> WHAT TO PRODUCE:
Lines from the line with "Берем текстолит и" to the line with "The simulated gain" in the entries below, and only those, must be output exactly, with both ends included.

> INFORMATION SUPPLIED:

=-=-=-=-=

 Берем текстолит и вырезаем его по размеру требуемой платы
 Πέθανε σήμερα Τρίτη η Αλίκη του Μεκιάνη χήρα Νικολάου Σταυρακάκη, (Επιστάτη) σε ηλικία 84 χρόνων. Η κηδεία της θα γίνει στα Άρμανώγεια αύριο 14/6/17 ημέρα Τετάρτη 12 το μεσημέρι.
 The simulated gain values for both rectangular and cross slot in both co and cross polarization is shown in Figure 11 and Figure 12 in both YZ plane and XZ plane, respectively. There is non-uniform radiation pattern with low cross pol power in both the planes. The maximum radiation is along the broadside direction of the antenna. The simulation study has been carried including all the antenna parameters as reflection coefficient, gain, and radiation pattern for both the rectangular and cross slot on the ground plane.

=-=-=-=-=

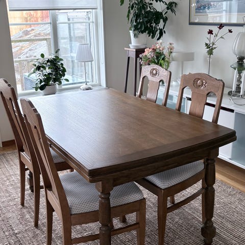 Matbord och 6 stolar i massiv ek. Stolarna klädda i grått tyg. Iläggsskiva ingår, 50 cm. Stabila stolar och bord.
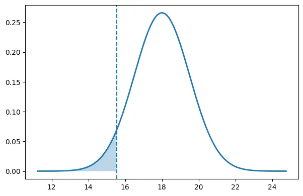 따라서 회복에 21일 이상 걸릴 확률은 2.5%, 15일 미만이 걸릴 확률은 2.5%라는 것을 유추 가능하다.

=-=-=-=-=

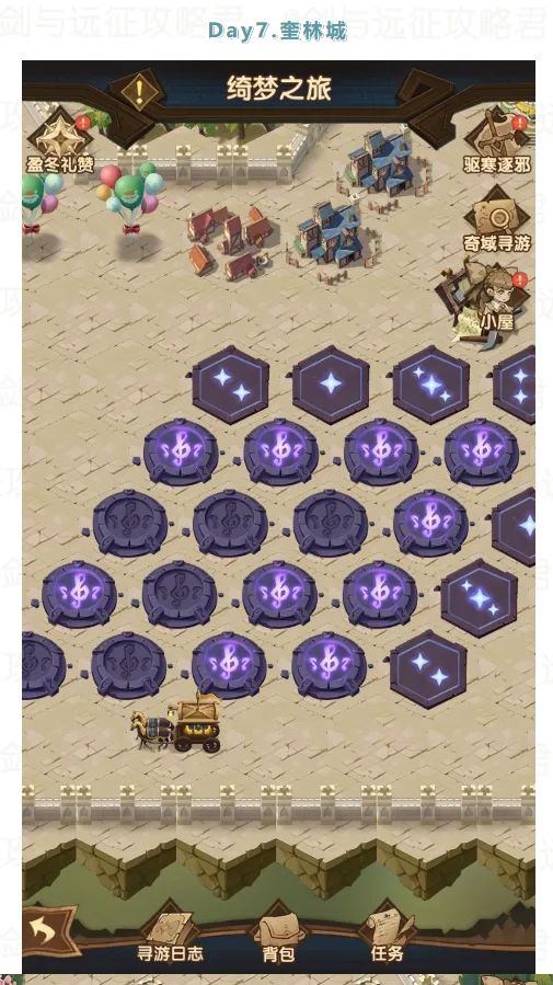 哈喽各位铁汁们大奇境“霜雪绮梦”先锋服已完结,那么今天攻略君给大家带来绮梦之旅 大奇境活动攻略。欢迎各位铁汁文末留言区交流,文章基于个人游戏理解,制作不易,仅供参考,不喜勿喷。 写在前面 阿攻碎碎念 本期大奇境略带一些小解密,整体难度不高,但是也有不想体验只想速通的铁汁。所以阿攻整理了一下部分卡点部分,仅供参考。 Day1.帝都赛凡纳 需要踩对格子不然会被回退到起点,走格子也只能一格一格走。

=-=-=-=-=

> TASK OUTPUT:
 Берем текстолит и вырезаем его по размеру требуемой платы
 Πέθανε σήμερα Τρίτη η Αλίκη του Μεκιάνη χήρα Νικολάου Σταυρακάκη, (Επιστάτη) σε ηλικία 84 χρόνων. Η κηδεία της θα γίνει στα Άρμανώγεια αύριο 14/6/17 ημέρα Τετάρτη 12 το μεσημέρι.
 The simulated gain values for both rectangular and cross slot in both co and cross polarization is shown in Figure 11 and Figure 12 in both YZ plane and XZ plane, respectively. There is non-uniform radiation pattern with low cross pol power in both the planes. The maximum radiation is along the broadside direction of the antenna. The simulation study has been carried including all the antenna parameters as reflection coefficient, gain, and radiation pattern for both the rectangular and cross slot on the ground plane.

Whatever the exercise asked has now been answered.